In the material below, find the line that contains "Scott# 3354-33 cent-NATO" and the line that contains "STRIP REVIJA (1962.)Izdavač: Epoha", then write out exactly those two lines and everything between them.

■ **DATASET CONTENT**
'''
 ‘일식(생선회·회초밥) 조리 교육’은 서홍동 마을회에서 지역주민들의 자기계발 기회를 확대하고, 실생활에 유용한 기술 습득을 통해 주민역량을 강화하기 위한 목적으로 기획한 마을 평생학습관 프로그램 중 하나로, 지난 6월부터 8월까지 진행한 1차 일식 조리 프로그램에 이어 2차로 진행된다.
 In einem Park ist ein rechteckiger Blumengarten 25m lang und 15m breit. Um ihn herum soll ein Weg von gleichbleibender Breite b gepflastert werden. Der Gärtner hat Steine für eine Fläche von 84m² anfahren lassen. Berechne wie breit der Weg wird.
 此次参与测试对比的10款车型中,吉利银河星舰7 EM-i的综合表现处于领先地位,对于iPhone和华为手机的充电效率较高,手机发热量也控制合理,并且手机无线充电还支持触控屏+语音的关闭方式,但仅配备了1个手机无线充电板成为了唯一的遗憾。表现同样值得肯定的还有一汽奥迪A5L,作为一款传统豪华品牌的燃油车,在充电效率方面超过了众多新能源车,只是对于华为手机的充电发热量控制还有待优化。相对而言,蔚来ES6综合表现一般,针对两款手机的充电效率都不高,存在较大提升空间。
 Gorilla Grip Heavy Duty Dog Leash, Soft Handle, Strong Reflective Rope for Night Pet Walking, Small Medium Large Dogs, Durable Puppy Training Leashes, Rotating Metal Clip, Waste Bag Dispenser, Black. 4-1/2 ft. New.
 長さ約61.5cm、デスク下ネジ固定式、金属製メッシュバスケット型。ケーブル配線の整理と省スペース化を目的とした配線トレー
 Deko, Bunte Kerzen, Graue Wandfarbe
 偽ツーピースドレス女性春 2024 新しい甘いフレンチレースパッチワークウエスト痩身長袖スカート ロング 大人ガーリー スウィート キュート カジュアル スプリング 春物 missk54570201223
'''
'''
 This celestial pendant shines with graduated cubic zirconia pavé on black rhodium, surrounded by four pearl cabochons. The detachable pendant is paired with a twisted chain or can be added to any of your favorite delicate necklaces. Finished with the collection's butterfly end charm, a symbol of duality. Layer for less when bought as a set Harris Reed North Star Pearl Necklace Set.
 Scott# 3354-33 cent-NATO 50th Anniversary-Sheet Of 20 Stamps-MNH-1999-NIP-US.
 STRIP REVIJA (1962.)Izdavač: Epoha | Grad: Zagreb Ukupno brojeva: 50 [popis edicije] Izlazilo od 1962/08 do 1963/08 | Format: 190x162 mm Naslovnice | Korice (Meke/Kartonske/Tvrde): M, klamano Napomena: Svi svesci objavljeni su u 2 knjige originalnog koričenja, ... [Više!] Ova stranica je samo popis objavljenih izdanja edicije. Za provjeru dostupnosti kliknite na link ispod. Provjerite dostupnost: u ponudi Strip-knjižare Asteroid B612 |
'''
■ **SOLUTION TO THE EXERCISE**
 Scott# 3354-33 cent-NATO 50th Anniversary-Sheet Of 20 Stamps-MNH-1999-NIP-US.
 STRIP REVIJA (1962.)Izdavač: Epoha | Grad: Zagreb Ukupno brojeva: 50 [popis edicije] Izlazilo od 1962/08 do 1963/08 | Format: 190x162 mm Naslovnice | Korice (Meke/Kartonske/Tvrde): M, klamano Napomena: Svi svesci objavljeni su u 2 knjige originalnog koričenja, ... [Više!] Ova stranica je samo popis objavljenih izdanja edicije. Za provjeru dostupnosti kliknite na link ispod. Provjerite dostupnost: u ponudi Strip-knjižare Asteroid B612 |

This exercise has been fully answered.